What Is Multiple Myeloma? Explained Clearly for Those Who Are Newly Diagnosed (https://www.myeloma.org/videos/multiple-myeloma-explained-clearly-those-who-are-newly-diagnosed)
What Is Multiple Myeloma?
If you’ve just heard the words multiple myeloma, MGUS, or smoldering myeloma, this video explains everything in clear, human language.
Dr. Joseph Mikhael, Chief Medical Officer of the International Myeloma Foundation, describes what myeloma is, how plasma cells and antibodies work, and why doctors use the CRAB criteria to define active disease.
Learn about the M-spike, myeloma light chains, how myeloma is measured, what remission really means, and how modern treatments help many people live well over 10 years with an excellent quality of life. This video is designed for those who are newly diagnosed—and for families taking their first steps in understanding myeloma.
Topics Covered in This Video:
0:00 – Introduction
0:43 – What is multiple myeloma?
1:09 – Blood cells explained
2:07 – Plasma cells & antibodies explained
3:52 – The CRAB criteria (calcium, kidneys, anemia, bones)

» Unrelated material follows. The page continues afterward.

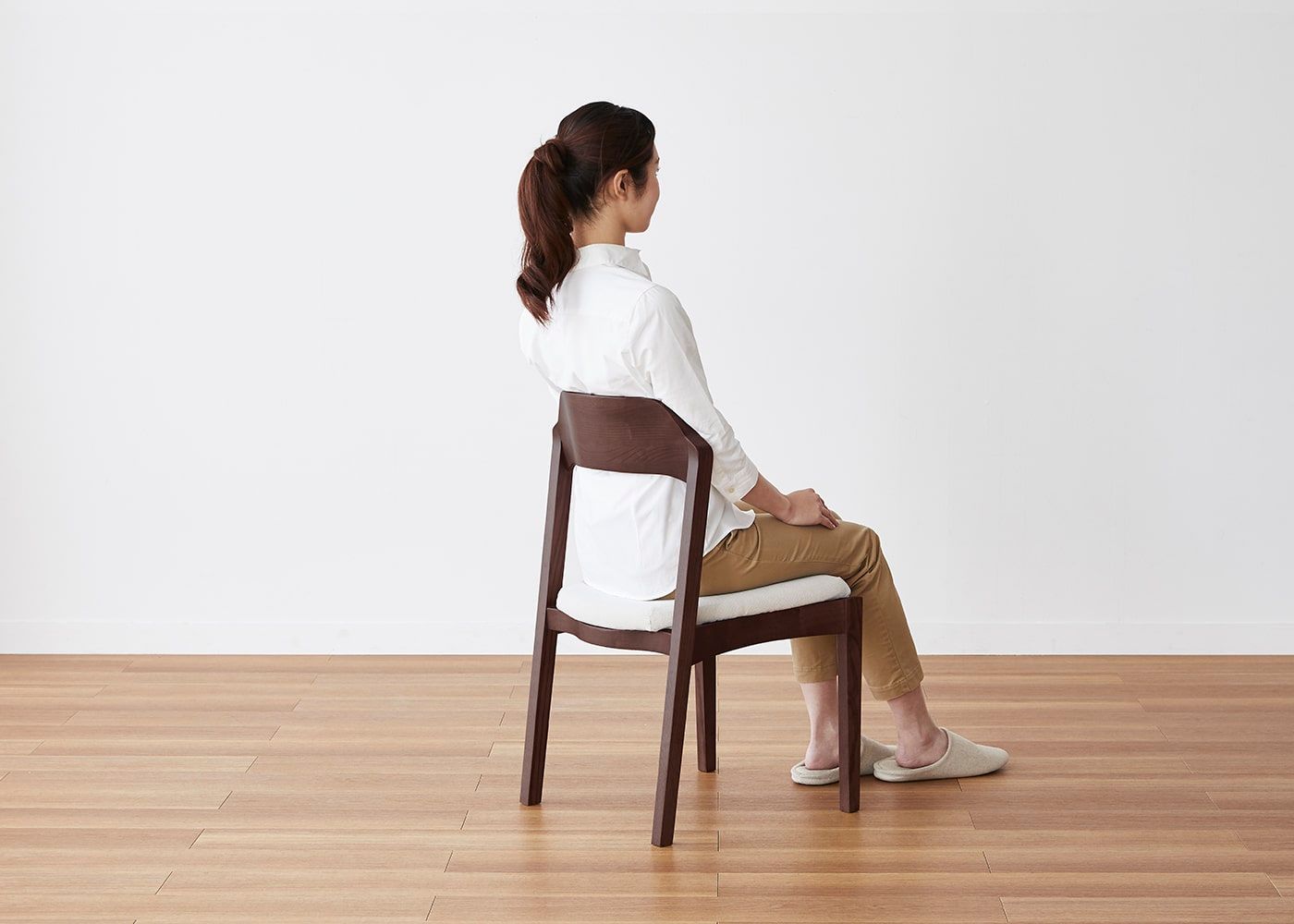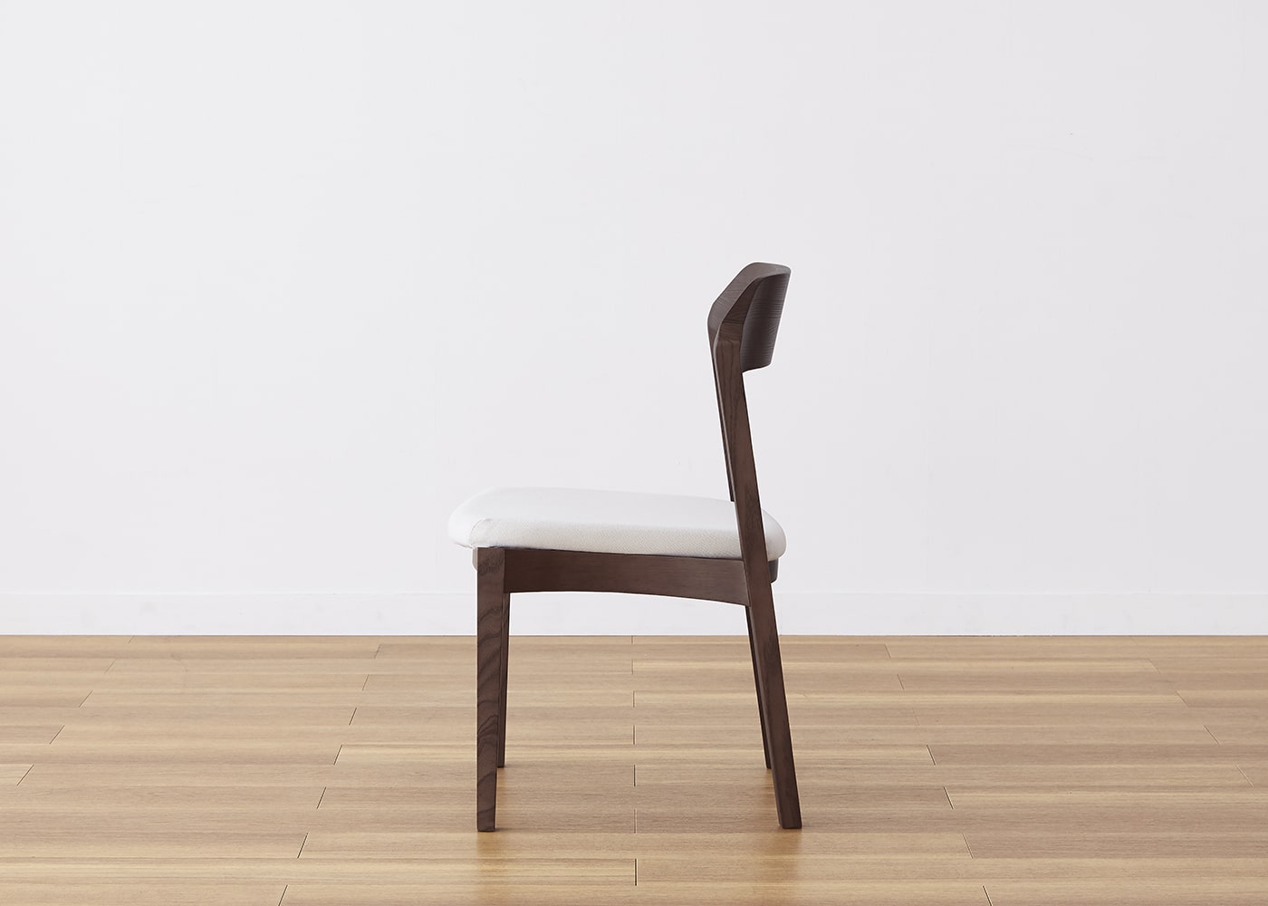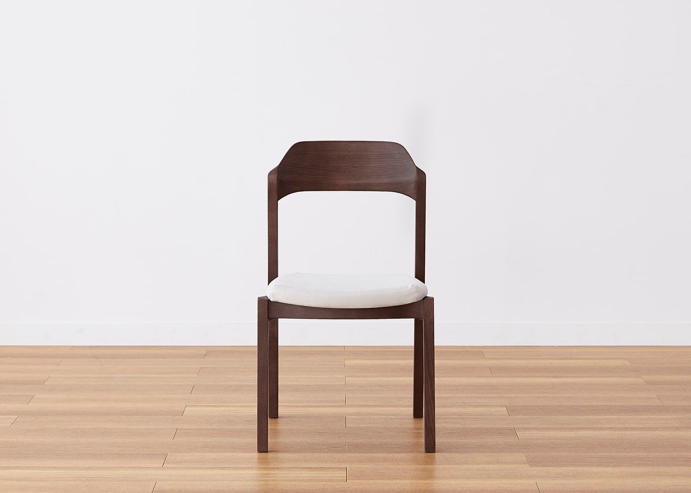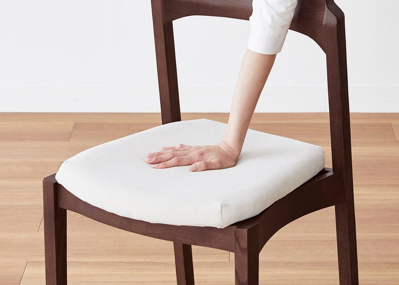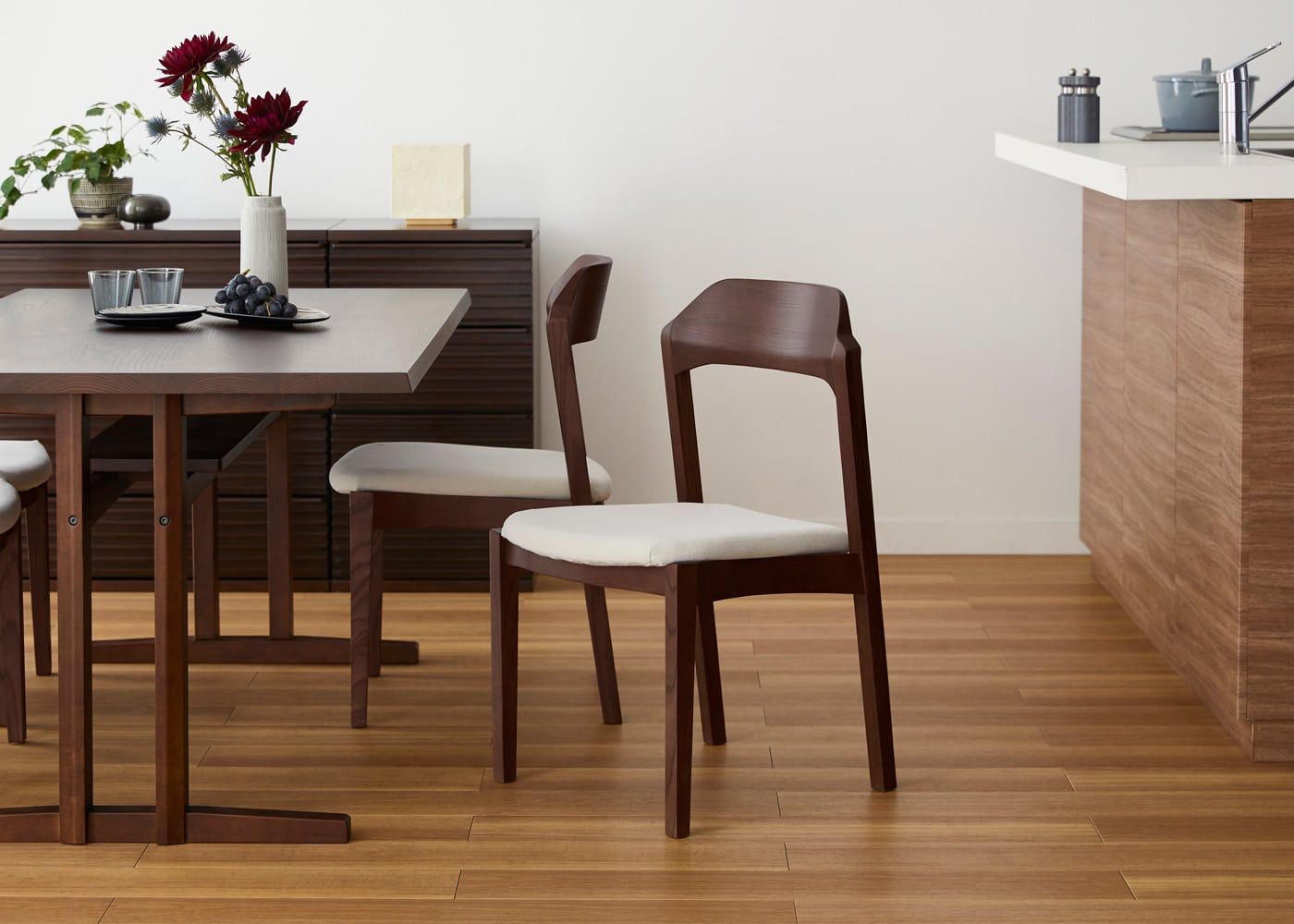 日々の暮らしでリビングからダイニングを見ることが多いため、背面のデザインにもこだわりました。潔い直線の後脚と背、座面や座枠の曲線が調和したコオウならではのディテールです。また、座面の後ろ側の抜けと脚に貫材のない構造が脚長効果をもたらし、すっきりとした佇まいに。

5:20 – How the IMF is here for you
6:10 – How multiple myeloma is measured
6:43 – Understanding the M-spike & light chains
8:25 – Treating multiple myeloma
9:01 – Induction therapy basics
9:30 – Relapse & new treatment options
10:00 – Myeloma prognosis
10:37 – IMF support resources
Don't miss in-depth Q&As with Dr. Mikhael and be sure to submit your own questions using #AskTheIMF on Facebook, Instagram, or X. Learn more at myeloma.org. Like, Comment, and Subscribe for weekly updates on myeloma research, treatment, and patient support.
Have a question that needs more personalized support? Call us! We’re here for you. The IMF’s InfoLine is available to answer your myeloma-related questions and concerns. Call us at 1-818-487-7455, email us at [email protected] (mailto:[email protected]), or schedule your call at a time that works best for you at: https://www.myeloma.org/infoline. (https://www.myeloma.org/infoline.)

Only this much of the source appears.